The should-be-orthonormal matrix Q =
 [[1. 0. 0.]
 [0. 0. 1.]
 [0. 1. 0.]]
The reconstruction error =
 0.0
The orthogonal error =
 0.0
The should-be-orthonormal matrix Q =
 [[1. 0. 0.]
 [0. 0. 1.]
 [0. 1. 0.]]
The reconstruction error =
 0.0
The orthogonal error =
 0.0


#### On a 50-by-50 Helbert matrix 

Let's try something "harder", a $50\times 50$ [Hilbert matrix](https://en.wikipedia.org/wiki/Hilbert_matrix)! We can see that since the matrix is [not well conditioned](https://en.wikipedia.org/wiki/Condition_number), the loss on orthogonality are both obvious, where the result from the modified one is relatively good. (We can also have a sense of how terrible the accumulated rounding errors can be!)

In [10]:
from scipy.linalg import hilbert as hilb

n = 50
A = hilb(n)

Q, R = qr_gram_schmidt(A)
reconstruction_error, orthogonal_error = compare(Q, R, A)
print('The reconstruction error =\n', reconstruction_error)
print('The orthogonal error =\n', orthogonal_error)

Q, R = qr_mod_gram_schmidt(A)
reconstruction_error, orthogonal_error = compare(Q, R, A)
print('The reconstruction error =\n', reconstruction_error)
print('The orthogonal error =\n', orthogonal_error)

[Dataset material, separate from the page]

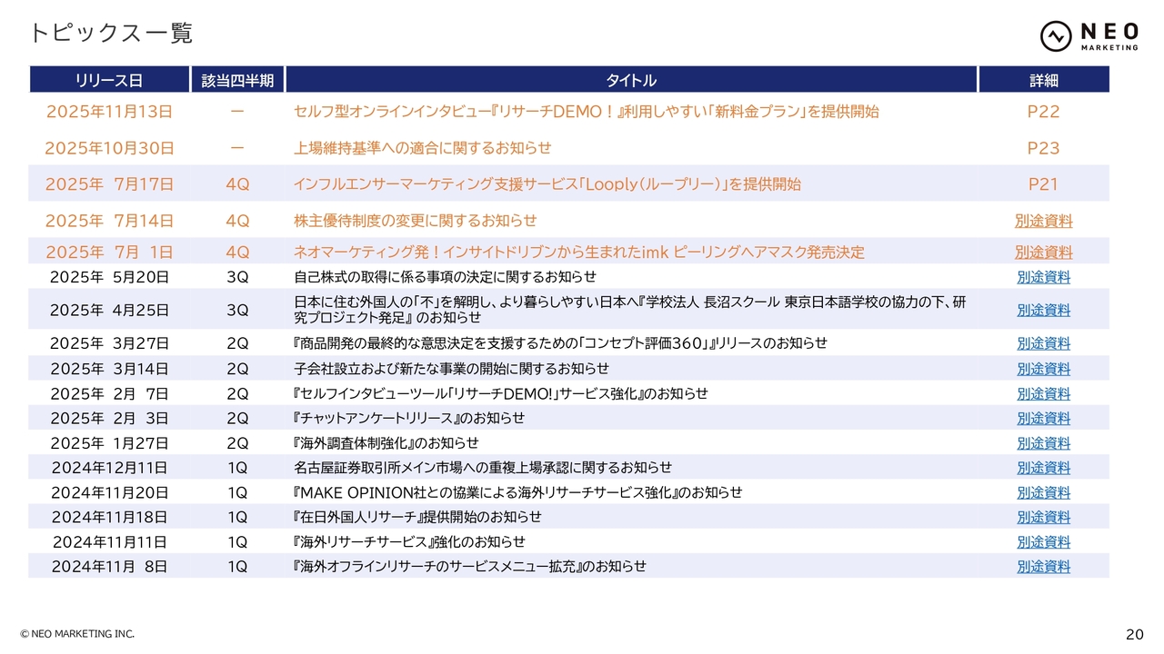 スライドは今期のトピックス一覧です。オレンジ色で示している、足元の第4四半期のトピックスを中心に、次のスライド以降でご紹介します。

The reconstruction error =
 1.010172945062073e-16
The orthogonal error =
 42.85021637056607
The reconstruction error =
 9.63905481929459e-17
The orthogonal error =
 4.666330075235493


#### On a very bad conditioned matrix

Finally, lets try a very special full-rank matrix:

$$
A=\left[\begin{array}{rrr}
1 & 1 & 1 \\
0.00000001 & 0.00000001 & 0 \\
0.00000001 & 0 & 0.00000001
\end{array}\right]
$$

We will see that the *should-be-orthonormal* matrix $Q$ produced by the classical Gram-Schmidt is not orthonormal at all! 

As shown in the results, **the second and third columns of Matrix $Q$** from the classicial Gram-Schmidt have a $45^\circ$ angle, which is a terrible failure!

In [11]:
eps = 1e-8

A = np.array([
    [1,  1,  1],
    [eps,eps,0],
    [eps,0,  eps]
    ])

Q, R = qr_gram_schmidt(A)
reconstruction_error, orthogonal_error = compare(Q, R, A)

print('The reconstruction error =\n', reconstruction_error)
print('The orthogonal error =\n', orthogonal_error)
print('The should-be-orthonormal matrix Q =\n', Q.round(4))
print('The second and third columns above have an angle of 45 degree.\n')

Q, R = qr_mod_gram_schmidt(A)
reconstruction_error, orthogonal_error = compare(Q, R, A)

print('The reconstruction error =\n', reconstruction_error)
print('The orthogonal error =\n', orthogonal_error)
print('The should-be-orthonormal matrix Q =\n', Q.round(4))

The reconstruction error =
 0.0
The orthogonal error =
 0.7071067953286833
The should-be-orthonormal matrix Q =
 [[ 1.      0.      0.    ]
 [ 0.      0.     -0.7071]
 [ 0.     -1.     -0.7071]]
The second and third columns above have an angle of 45 degree.

The reconstruction error =
 0.0
The orthogonal error =
 2e-08
The should-be-orthonormal matrix Q =
 [[ 1.  0.  0.]
 [ 0.  0. -1.]
 [ 0. -1.  0.]]


Note that there exists other implementations for the Gram_Schmidt, e.g., the [householder method](https://atozmath.com/example/MatrixEv.aspx?he=e&q=qrdecomphh). You may dig more if you wish.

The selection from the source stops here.